During a recent project, the designer wanted to create square elements for a gallery-style layout where the elements are laid out on a consistent grid. Is easy to make a square when you have fixed width and height.

.box {
    width:  200px;
    height: 200px;
}

This works great, but when we try to make it responsive using percentages, we realize that it does not function the way we want.

.box {
    width:  25%;
    height: 25%;
}

Simply using percentages does not work because the element’s width is calculated by its parent’s width and the height it’s calculated by its parent’s height. Since the width and height are of different measures, the square will not hold its shape.

The Solution(s)

After researching, I found that there are two main solutions that you can achieve this.
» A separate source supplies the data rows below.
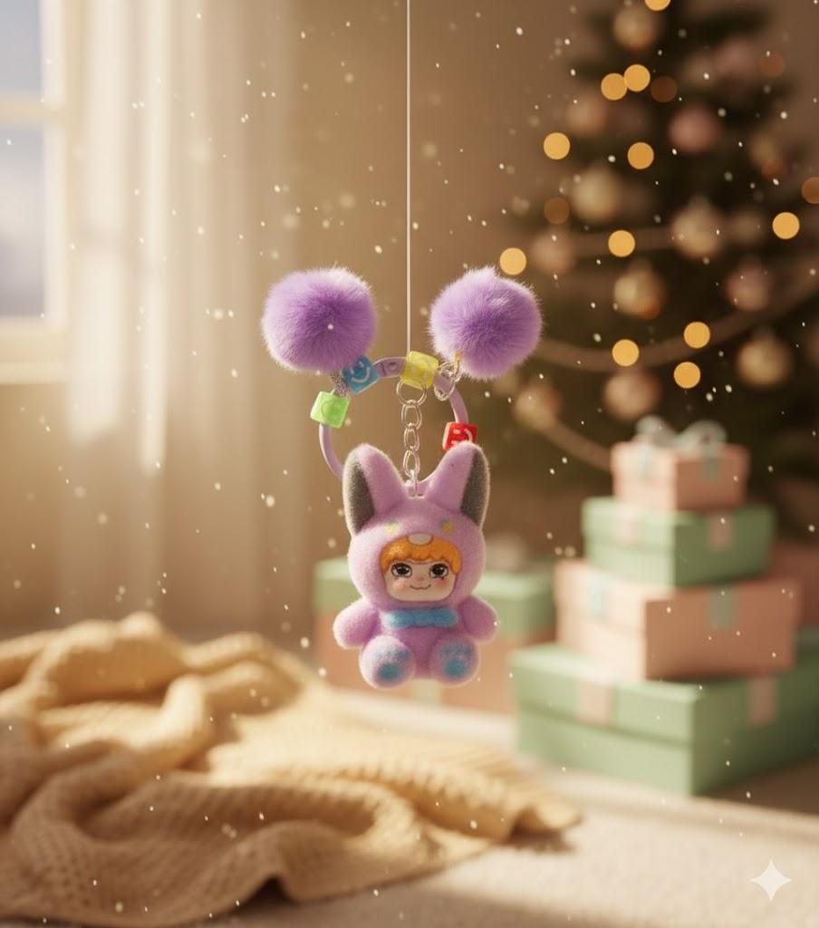 Встречайте Брелок Вакуку (Wakuku) – самый нежный и очаровательный аксессуар в стильном сиреневом цвете! Этот брелок выполнен в виде игрушки – милого ребенка, одетого в сиреневый костюм кролика с серыми ушками.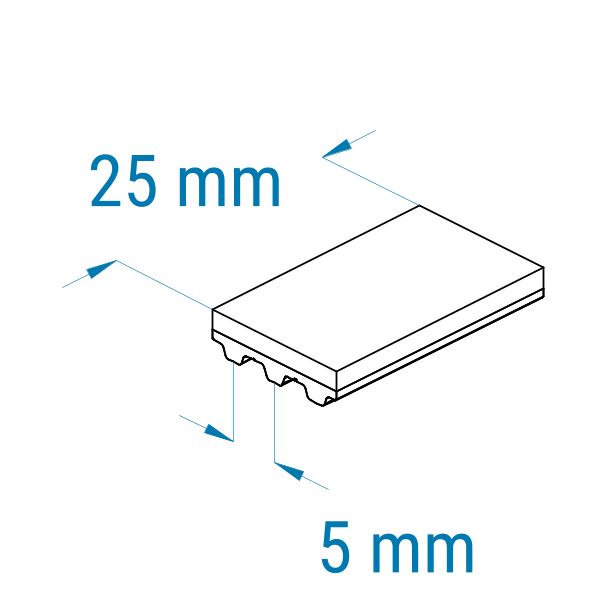 Profil: T5 | Breite: 25 mm | Mitnahme: hoch | Oberfläche: rau | Abriebfestigkeit: niedrig | für Führen, Zentrieren, Anpressen, Etiketten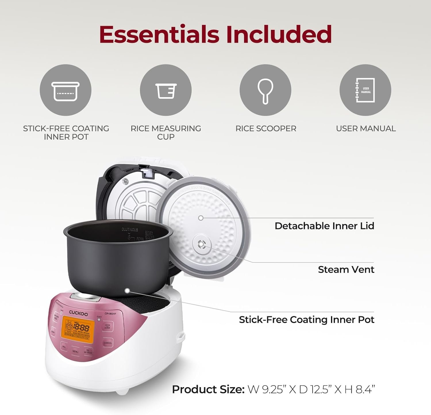 Embark on a Culinary Adventure with CUCKOO’s CR-0631F 6-Cup Micom Rice Cooker! With a generous serving amount of 12-cup cooked capacity and simple controls, CUCKOO’s 6-Cup Micom Rice cooker is ideal for large families and those looking to elevate their cooking experience. Key Features: Multi-Functional Cooking: 7 menu options including white (glutinous) rice, mixed rice, baby food, soup, and even a Turbo Mode that brings fresh white rice under 35 minutes bring cooking ideas to life. 12-Cup Cooked Capacity: The 6-cup (12 cups cooked) rice cooker offers the ideal serving size for small gatherings or small to medium-sized families. Smart Automated Technology: The included My Mode and Fuzzy Logic Technology automatically detects the grain type and customizes the desired texture and flavor of your cooked rice and grains. High-Quality Construction: The durable nonstick inner pot and user-friendly digital touch controls ensure easy usage and to last through consistent use. Hassle-Free Cleaning: With a detachable inner lid, cleaning is made effortless to ensure quality rice after each use. Don’t wait and grab CUCKOO’s 6-Cup Micom Rice Cooker to bring your culinary dreams to life!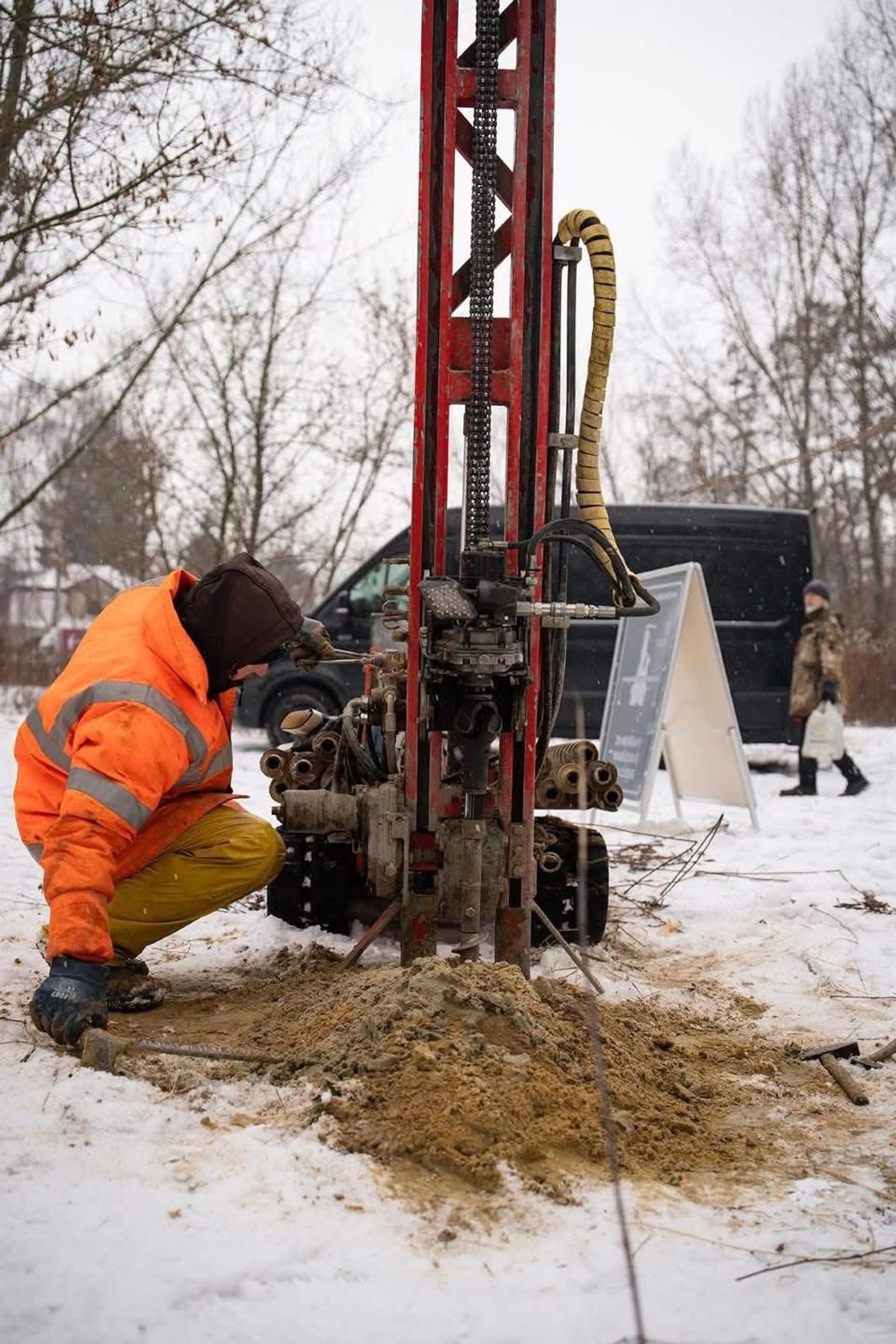 Odwierty to jeden z najważniejszych etapów prac przedprojektowych. Geolodzy pobierają tzw. rdzeń gruntowy, który pozwala dokładnie określić budowę podłoża. Próbki trafią do badań laboratoryjnych.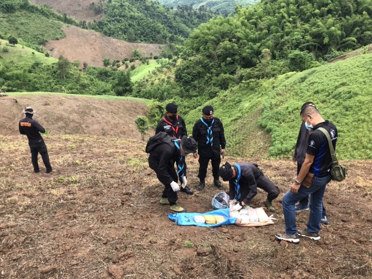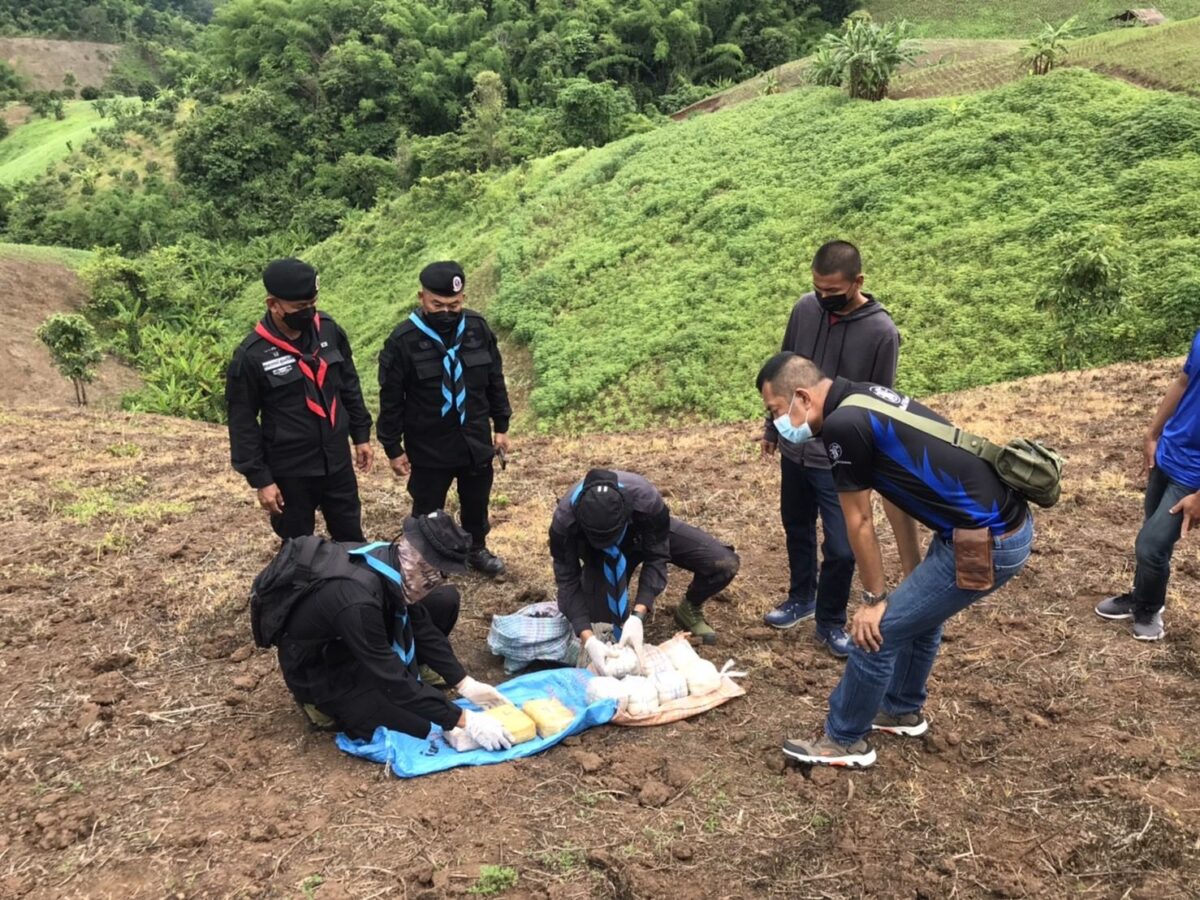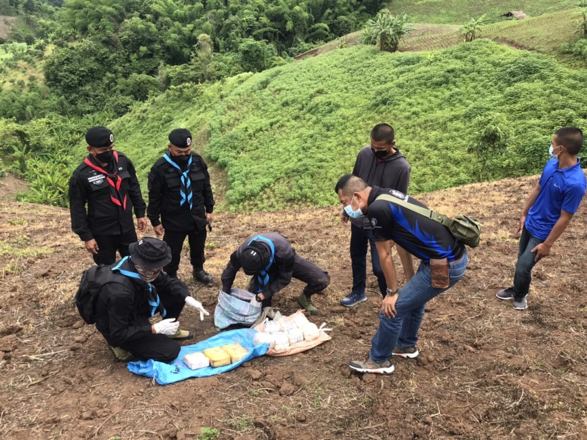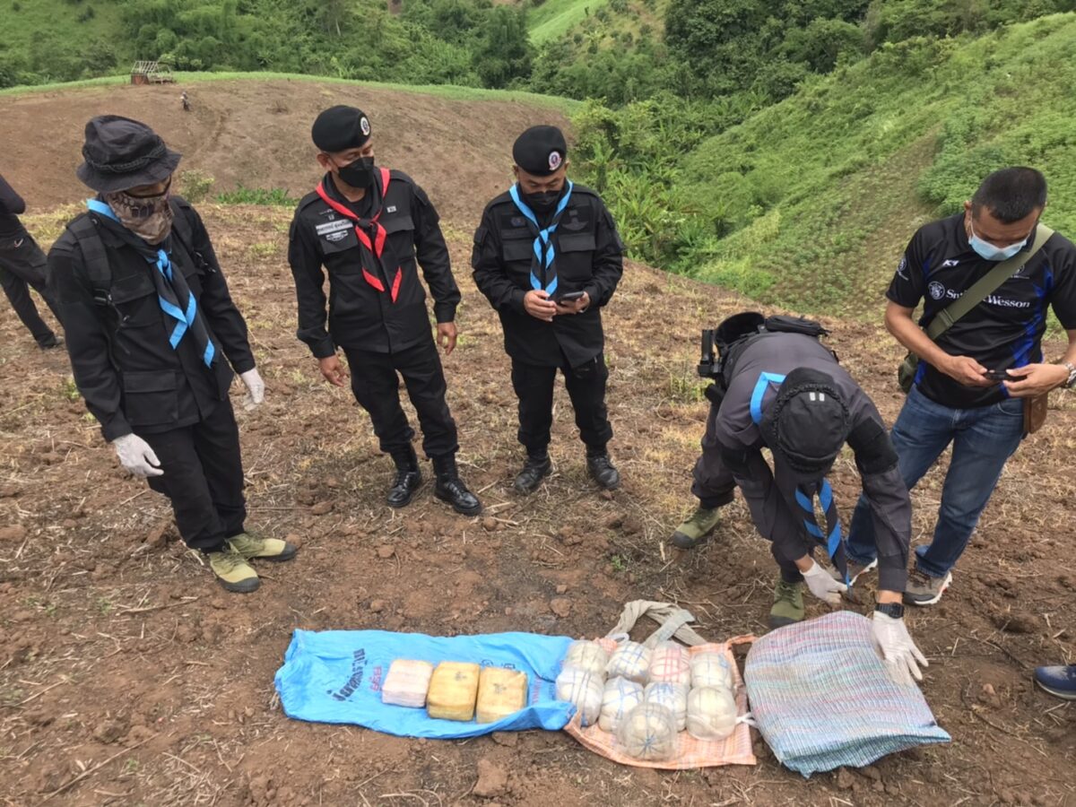 30 มิ.ย. 65 ร้อย.ทพ.3201 บก.ควบคุม ทพ.ศปก.ทภ.3 จัด กพ. ลว.พิสูจน์ทราบ และเฝ้าตรวจ บริเวณ ช่องทาง บ.ป่ากุ๋ย ม.3 ต.ท่าตอน อ.แม่อาย จว.ช.ม. ได้ตรวจพบชายต้องสงสัย สะพายกระสอบฟางดัดแปลงเป็นเป้สะพายหลัง เดินขึ้นมาจากช่องทาง บ.ป่ากุ๊ยฯ ผ่านเข้ามาในพื้นที่จึงได้แสดงตัวขอตรวจค้น แต่บุคคลชายคนดังกล่าวได้วิ่งหลบหนีกลับไปยังทิศทางฝั่งประเทศเพื่อนบ้าน ระหว่างหลบหนีได้ทิ้งกระเป๋าเป้ฯ ไว้ หน่วยจึงได้ประสาน จนท.ตร.สภ.แม่อาย เข้ามาดำเนินการตรวจสอบของกลาง โดยมีรายละเอียดดังนี

Depending on your project you can choose on over the other one.

Using viewport-percentage

This is definitely the cleanest solution out there, however, according to http://caniuse.com/#feat=viewport-units there are some issues with different browsers and versions.

.box {
    width: 50vw;
    height: 50vw;
}

Using the :after pseudo-element

By making use of the padding-top, we can create a perfect square. While it sounds crazy, padding is calculated by the parent’s width, not height. This means you can use padding-bottom if we want. For this to work, we just need to remove the height property from the .box element.

.box {
  width: 50%;
}

.box:after {
  content: "";
  display: block;
  padding-top: 100%;
}

Since the pseudo element’s padding is calculated from the parent’s width, we are fixing its height. If the width of the .box is going to change, the height of the pseudo-element is going to change as well.

Adding Content

The solution above works perfectly if there is no content inside the .box element since it relies on having a height of 0. If we want to add content, the solution is going to break.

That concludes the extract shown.